### Recorded information
--*--

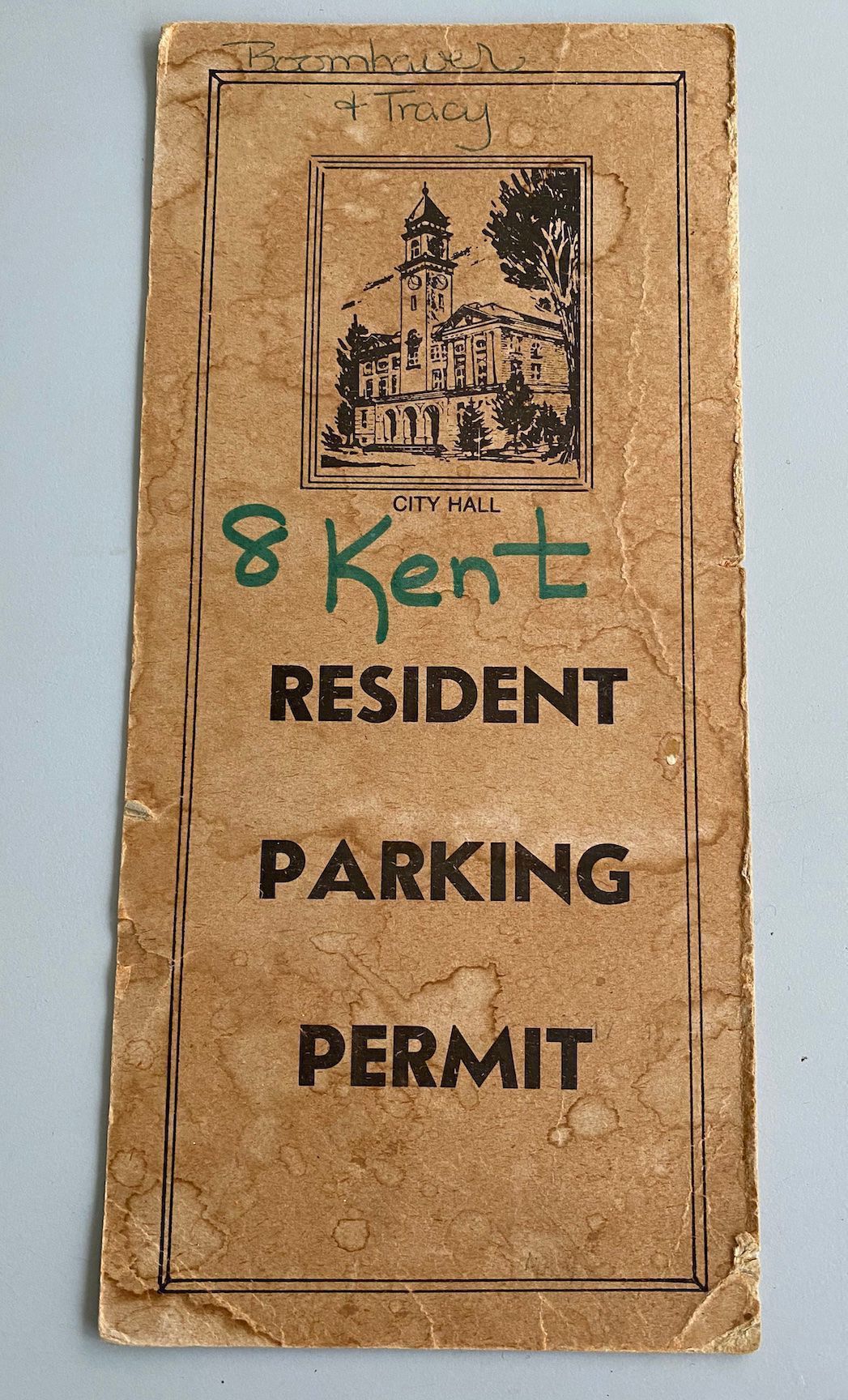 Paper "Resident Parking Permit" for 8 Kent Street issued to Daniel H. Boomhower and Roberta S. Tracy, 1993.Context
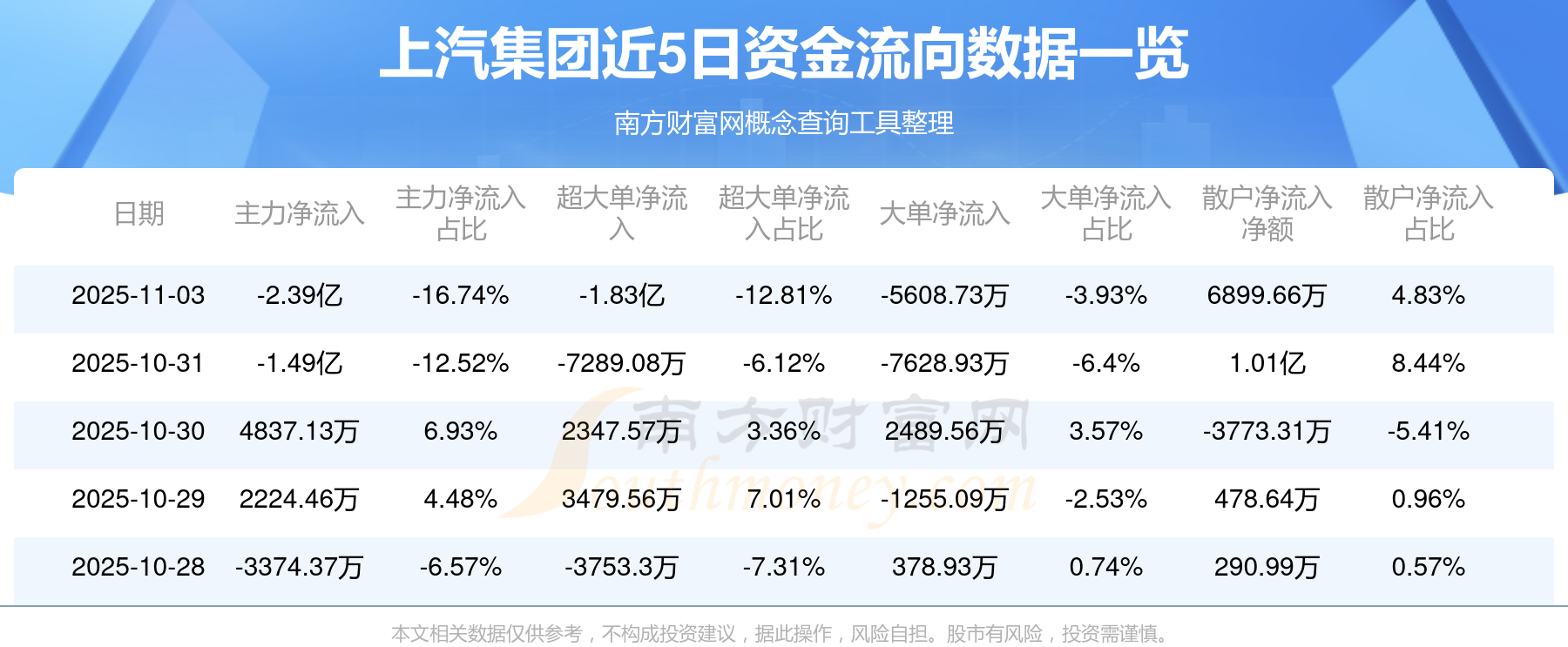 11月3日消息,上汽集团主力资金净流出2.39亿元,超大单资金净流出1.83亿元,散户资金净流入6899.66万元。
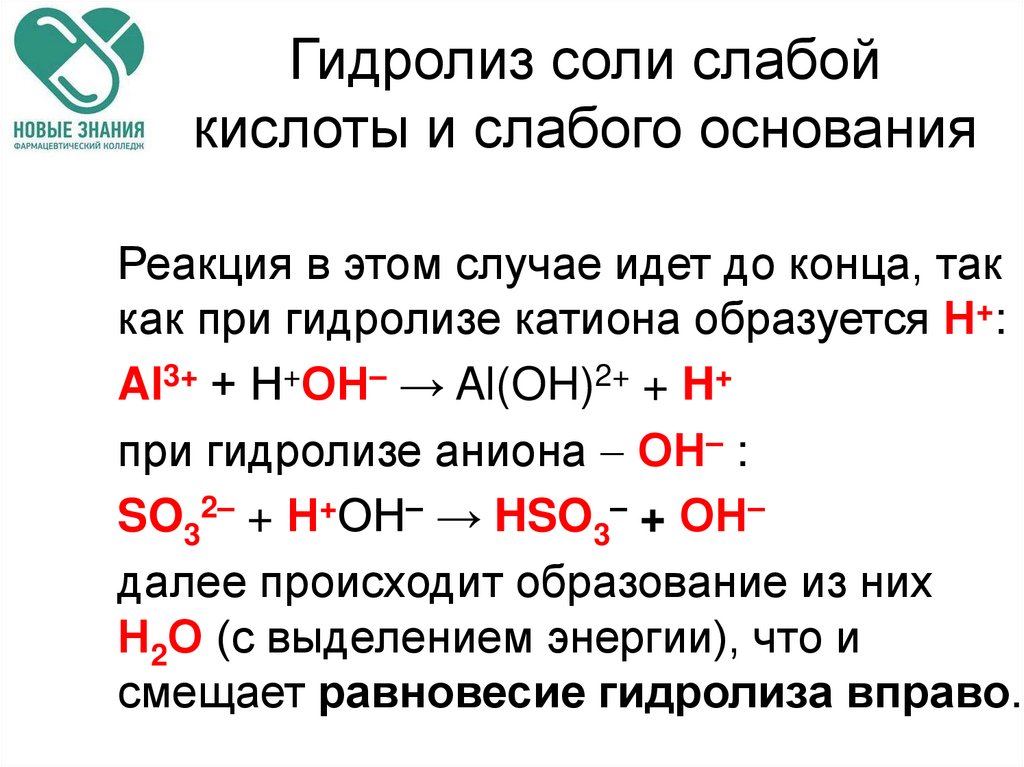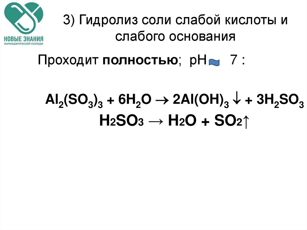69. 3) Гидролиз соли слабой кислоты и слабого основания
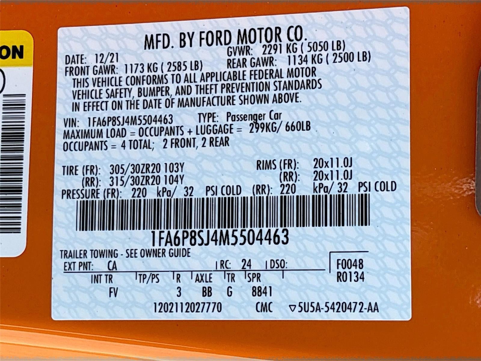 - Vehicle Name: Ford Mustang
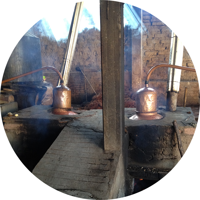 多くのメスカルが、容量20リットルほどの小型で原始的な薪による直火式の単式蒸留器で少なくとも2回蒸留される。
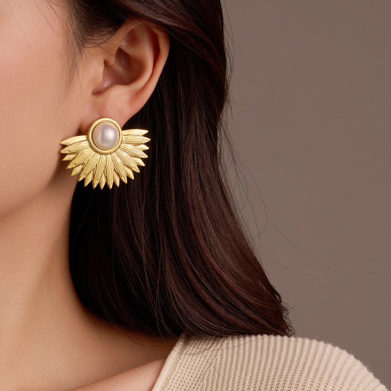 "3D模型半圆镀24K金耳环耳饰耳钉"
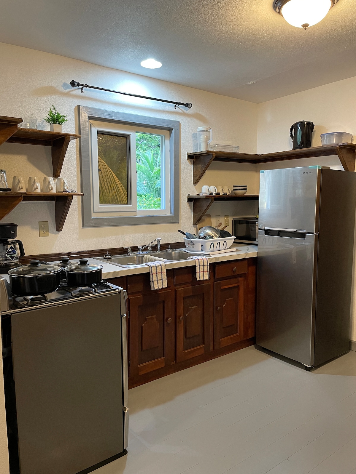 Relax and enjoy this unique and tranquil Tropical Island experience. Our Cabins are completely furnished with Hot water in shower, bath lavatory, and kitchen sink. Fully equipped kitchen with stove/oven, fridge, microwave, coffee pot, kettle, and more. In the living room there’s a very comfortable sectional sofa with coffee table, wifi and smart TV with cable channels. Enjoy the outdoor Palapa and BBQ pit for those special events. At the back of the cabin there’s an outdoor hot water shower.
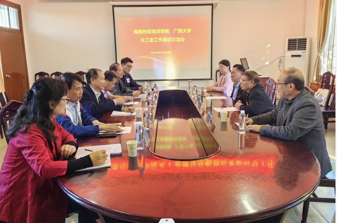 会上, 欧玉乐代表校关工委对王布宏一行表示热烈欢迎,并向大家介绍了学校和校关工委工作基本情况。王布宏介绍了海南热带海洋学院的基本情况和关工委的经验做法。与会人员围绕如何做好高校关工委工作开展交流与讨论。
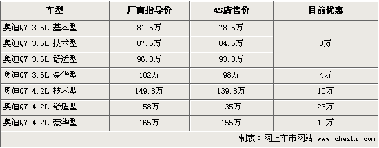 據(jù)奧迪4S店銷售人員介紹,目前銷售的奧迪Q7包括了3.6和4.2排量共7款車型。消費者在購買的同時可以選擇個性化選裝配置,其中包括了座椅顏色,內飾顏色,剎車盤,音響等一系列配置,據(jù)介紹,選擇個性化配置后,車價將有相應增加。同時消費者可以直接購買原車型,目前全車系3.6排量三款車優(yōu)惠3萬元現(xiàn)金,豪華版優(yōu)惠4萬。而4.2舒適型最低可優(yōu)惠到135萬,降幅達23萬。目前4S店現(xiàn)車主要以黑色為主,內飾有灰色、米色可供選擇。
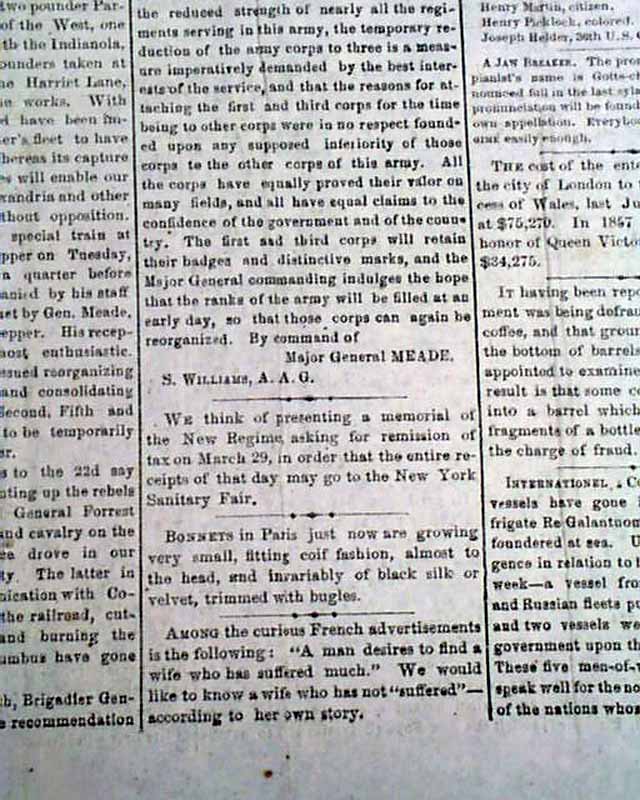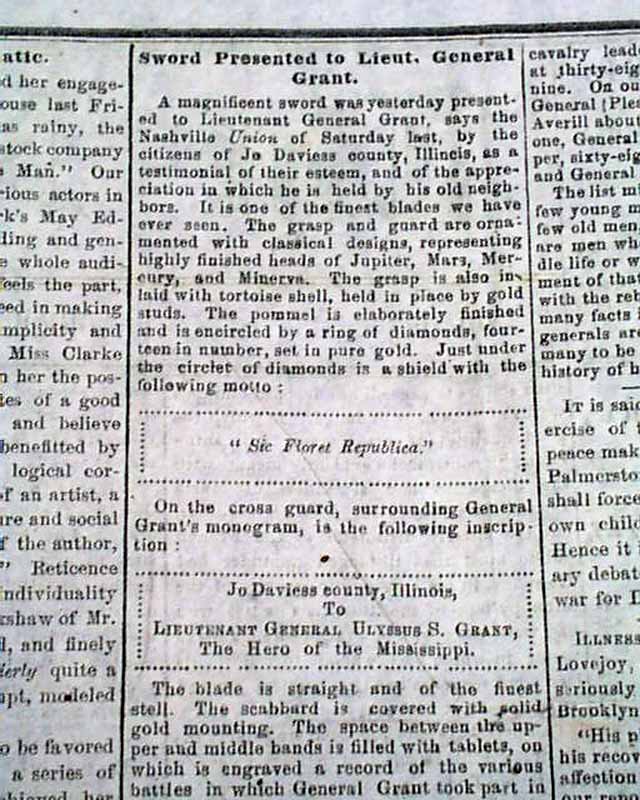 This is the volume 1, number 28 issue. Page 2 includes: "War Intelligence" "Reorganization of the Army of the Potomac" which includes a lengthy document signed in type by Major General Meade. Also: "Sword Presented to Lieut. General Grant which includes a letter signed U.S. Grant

--*--

### Exercise requirements
The stretch to restate runs from the line above containing "会上, 欧玉乐代表校关工委对" through the line containing "據(jù)奧迪4S店銷售人員". Copy it word for word, ends included, without pictures.

### Solution to this problem
 会上, 欧玉乐代表校关工委对王布宏一行表示热烈欢迎,并向大家介绍了学校和校关工委工作基本情况。王布宏介绍了海南热带海洋学院的基本情况和关工委的经验做法。与会人员围绕如何做好高校关工委工作开展交流与讨论。
 據(jù)奧迪4S店銷售人員介紹,目前銷售的奧迪Q7包括了3.6和4.2排量共7款車型。消費者在購買的同時可以選擇個性化選裝配置,其中包括了座椅顏色,內飾顏色,剎車盤,音響等一系列配置,據(jù)介紹,選擇個性化配置后,車價將有相應增加。同時消費者可以直接購買原車型,目前全車系3.6排量三款車優(yōu)惠3萬元現(xiàn)金,豪華版優(yōu)惠4萬。而4.2舒適型最低可優(yōu)惠到135萬,降幅達23萬。目前4S店現(xiàn)車主要以黑色為主,內飾有灰色、米色可供選擇。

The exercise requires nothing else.